Tuesday, May 12, 2009

Paying Attention

This column originally appeared on Sunday, May 10, 2009

There are people in any community who go about their lives in a quiet fashion, ruffling no feathers and roiling no waters. They fly mostly under the radar, out of either conscious choice on their part or studied indifference on ours. They make a difference in the world, surely, but in a low-key, self-conscious manner. Like the fictional Willie Lowman in “Death of a Salesman,” when they are gone, perhaps we look about and wonder why we didn’t notice them before, and kick ourselves for not paying attention to their quiet contributions.

This isn’t about one of those people. It’ s about John J. Duffy.

I have not known John J. Duffy all my life, but there are times it feels like it. He is as much a part of the landscape of the Chester County I have come to know and appreciate, if not adore, as the clock tower on tip of his beloved courthouse or the waters of the Brandywine Creek. He is as noticeable and brash as the neckties he favors. Among the legal circle I associate myself with on a professional basis, there are few who do not, when you ask them, have a ready, distinct, certain opinion of John J. Duffy – good or not so good, affectionate or antagonistic.

That is to say, you may not like John J. Duffy, but you must acknowledge him.
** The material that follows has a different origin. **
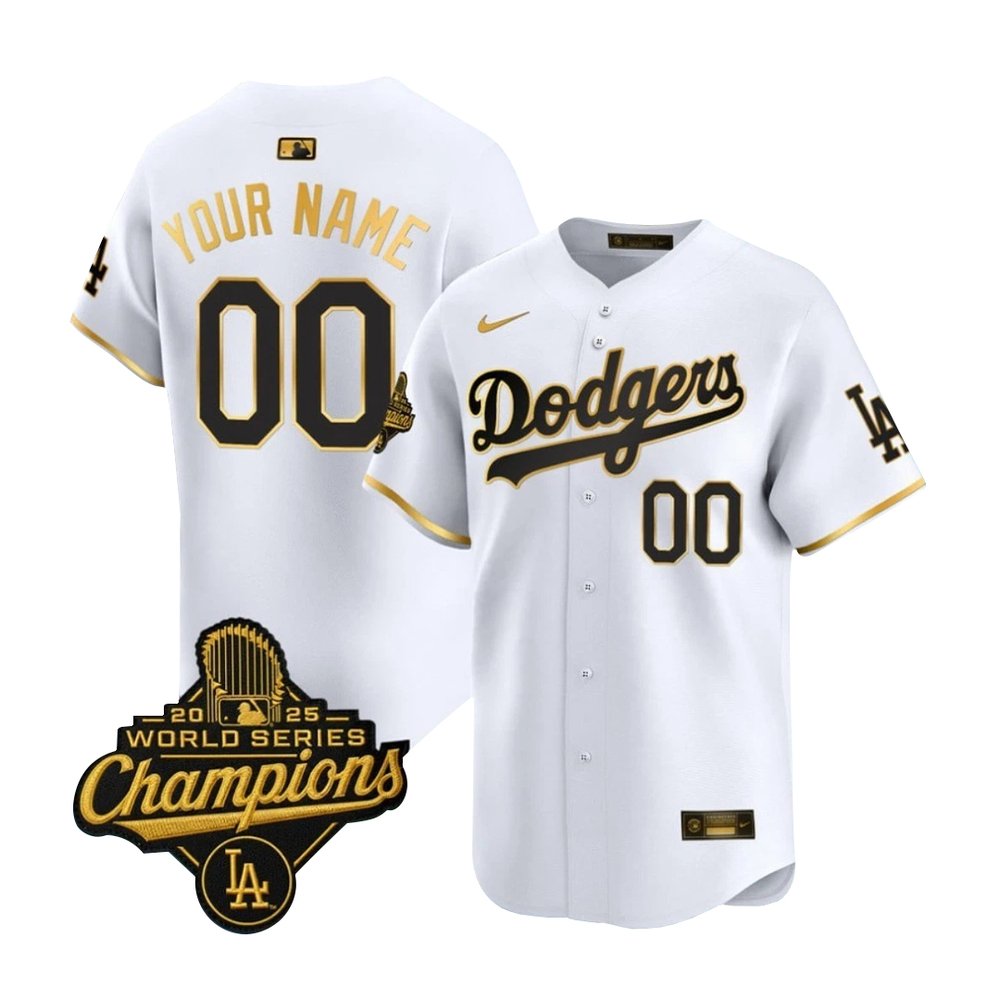 Men's Los Angeles Dodgers Custom Nike White Golden 2025 World Series Champions Home Limited Jersey

He is no shrinking violet, no silent witness, no unseen face. He is a criminal defense attorney and a proud, accomplished one, who has battled his way through countless trials and rubbed those across the aisle from him more than one wrong way over the years.

So the very fact that this coming week John J. Duffy will be called to stand and be honored by those people he has battled – judges and prosecutors, for starters – is remarkable. On Friday, the Chester County Drug Court will present John J. Duffy with its Osceola Wesley Award, given to a person who has aided in the recovery of people gripped by addictive demons. He does not want the award –there are between 11 and five other people, depending on who he’s telling, who deserve it more – but he’s getting it anyway and that’s a hell of a thing.

John J. Duffy is perhaps as well known for his battle against, and continuing triumph over, alcoholism, as for his courtroom skills. Years ago, researching his back-story for a piece I was putting together before one of his trials, I read all about it: the angry, booze-tinged fall from grace, much of it in the public eye, and then the eventual redemption. It made fascinating reading. Most of all, the tale demands wonder at what became of the John J. Duffy who was. Not content to keep his sobriety to himself, John J. Duffy has since his recovery gone on to share it with as many people as he can fit into a 24 hour day -- without ticking off the missus.

“John wears his recovery on his sleeve,” a woman who knows him well told me while we stood in a hallway of the Justice Center last week. If a ride to a meeting is needed, or a referral to his treasured Caron Foundation is required, or simply a person to stand by while the addiction is still holding sway is necessary, John J. Duffy has been available for countless lost souls, she said.

Judge William P. Mahon, the county’s recovery court champion, told me that John J. Duffy’s life and work in helping people regain their lives was nothing more than “extraordinary.” He said that John J. Duffy had gone out of his way to provide assistance for those in recovery, with no thought for himself.

Except once, the judge remembered.

When still in private practice, a client of Mahon's was facing his fourth DUI charge. Or was it his fifth? No matter, the man’s life was a wreck, careering out of control like the drunk driver he was. Sitting in court while Mahon asked a judge to continue the case so that everything could be tied together, John J. Duffy heard the story and approached. “I’m not trying to steal your client,” he told Mahon, “but tell him to call me.”

A year later Mahon attended his client’s 12-month sobriety anniversary. John J. Duffy had shepherded the man through the recovery process and helped negotiate his life back to a clean and straight course. In return, however, the client, a professional fitness trainer, helped John J. Duffy lose weight. And for a time, at least, John J. Duffy approached being svelte.

Osceola Wesley, the Coatesville man and recovered drug abuser for whom the award he will receive was named, came from a world different than John J. Duffy’s. North Philly versus West Philly; Army service in Korea versus law school at Villanova; African-American versus Irish American. But, as Mahon pointed out to me last week, their worlds converged around how they dealt with their addictions. “Both came out of those experiences determined to contribute back to the recovery of others,” he said.

Attention must be paid, someone once said. And so now it will be.